* [How to complete this task]: When you reach the line containing "This stylish Yellow", begin reproducing the material exactly, stop after the line containing "讲座中,郑医生向同学们分享了", and leave out any pictures along the way.

* [Information given]:
-.-.-

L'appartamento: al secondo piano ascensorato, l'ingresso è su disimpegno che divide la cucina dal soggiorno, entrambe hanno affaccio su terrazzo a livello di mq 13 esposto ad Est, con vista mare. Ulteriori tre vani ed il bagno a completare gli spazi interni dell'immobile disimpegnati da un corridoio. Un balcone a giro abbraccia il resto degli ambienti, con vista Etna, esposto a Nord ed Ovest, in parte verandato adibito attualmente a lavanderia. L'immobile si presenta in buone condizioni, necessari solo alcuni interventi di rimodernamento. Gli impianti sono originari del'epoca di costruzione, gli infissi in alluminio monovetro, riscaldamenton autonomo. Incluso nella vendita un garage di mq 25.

-.-.-

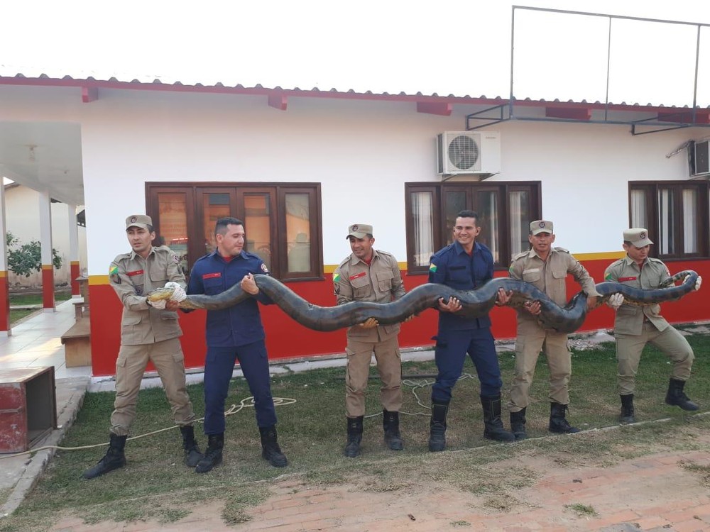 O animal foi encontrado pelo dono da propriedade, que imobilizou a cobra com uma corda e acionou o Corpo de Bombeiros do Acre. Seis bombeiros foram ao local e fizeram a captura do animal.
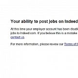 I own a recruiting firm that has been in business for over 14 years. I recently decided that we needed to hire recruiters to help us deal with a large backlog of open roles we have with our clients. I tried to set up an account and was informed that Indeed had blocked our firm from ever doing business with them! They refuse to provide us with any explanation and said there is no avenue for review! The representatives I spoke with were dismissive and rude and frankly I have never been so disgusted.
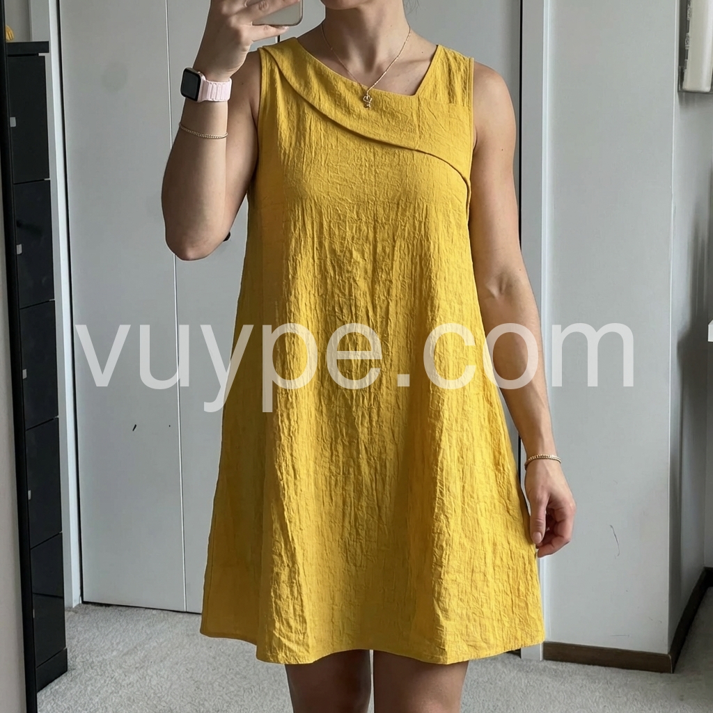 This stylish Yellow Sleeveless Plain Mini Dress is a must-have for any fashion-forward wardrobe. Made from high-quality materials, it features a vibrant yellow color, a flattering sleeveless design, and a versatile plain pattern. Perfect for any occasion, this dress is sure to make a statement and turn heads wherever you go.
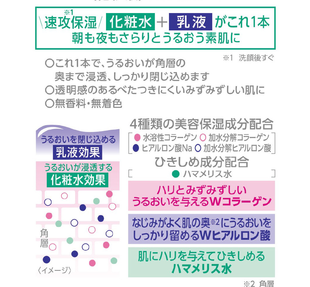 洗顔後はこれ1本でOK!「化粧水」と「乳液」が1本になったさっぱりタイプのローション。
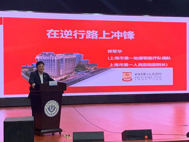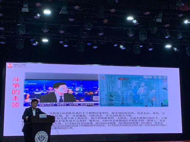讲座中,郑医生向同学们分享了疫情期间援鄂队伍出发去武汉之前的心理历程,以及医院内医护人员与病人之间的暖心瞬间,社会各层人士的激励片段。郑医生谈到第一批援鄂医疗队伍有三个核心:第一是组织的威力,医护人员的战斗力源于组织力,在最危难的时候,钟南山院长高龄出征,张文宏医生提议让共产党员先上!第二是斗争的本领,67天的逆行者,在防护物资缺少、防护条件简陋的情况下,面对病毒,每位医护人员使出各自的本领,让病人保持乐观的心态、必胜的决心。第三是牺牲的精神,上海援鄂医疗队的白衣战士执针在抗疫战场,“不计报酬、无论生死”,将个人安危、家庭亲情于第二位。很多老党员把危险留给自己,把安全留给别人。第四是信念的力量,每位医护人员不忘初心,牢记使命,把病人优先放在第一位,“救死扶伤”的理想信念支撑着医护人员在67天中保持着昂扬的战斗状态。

-.-.-

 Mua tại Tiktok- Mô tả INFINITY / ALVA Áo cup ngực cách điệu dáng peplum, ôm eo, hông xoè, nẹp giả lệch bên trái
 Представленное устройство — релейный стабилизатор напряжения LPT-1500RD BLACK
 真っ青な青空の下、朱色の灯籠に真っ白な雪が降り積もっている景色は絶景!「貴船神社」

-.-.-

* [Your solution]:
 This stylish Yellow Sleeveless Plain Mini Dress is a must-have for any fashion-forward wardrobe. Made from high-quality materials, it features a vibrant yellow color, a flattering sleeveless design, and a versatile plain pattern. Perfect for any occasion, this dress is sure to make a statement and turn heads wherever you go.
 洗顔後はこれ1本でOK!「化粧水」と「乳液」が1本になったさっぱりタイプのローション。
讲座中,郑医生向同学们分享了疫情期间援鄂队伍出发去武汉之前的心理历程,以及医院内医护人员与病人之间的暖心瞬间,社会各层人士的激励片段。郑医生谈到第一批援鄂医疗队伍有三个核心:第一是组织的威力,医护人员的战斗力源于组织力,在最危难的时候,钟南山院长高龄出征,张文宏医生提议让共产党员先上!第二是斗争的本领,67天的逆行者,在防护物资缺少、防护条件简陋的情况下,面对病毒,每位医护人员使出各自的本领,让病人保持乐观的心态、必胜的决心。第三是牺牲的精神,上海援鄂医疗队的白衣战士执针在抗疫战场,“不计报酬、无论生死”,将个人安危、家庭亲情于第二位。很多老党员把危险留给自己,把安全留给别人。第四是信念的力量,每位医护人员不忘初心,牢记使命,把病人优先放在第一位,“救死扶伤”的理想信念支撑着医护人员在67天中保持着昂扬的战斗状态。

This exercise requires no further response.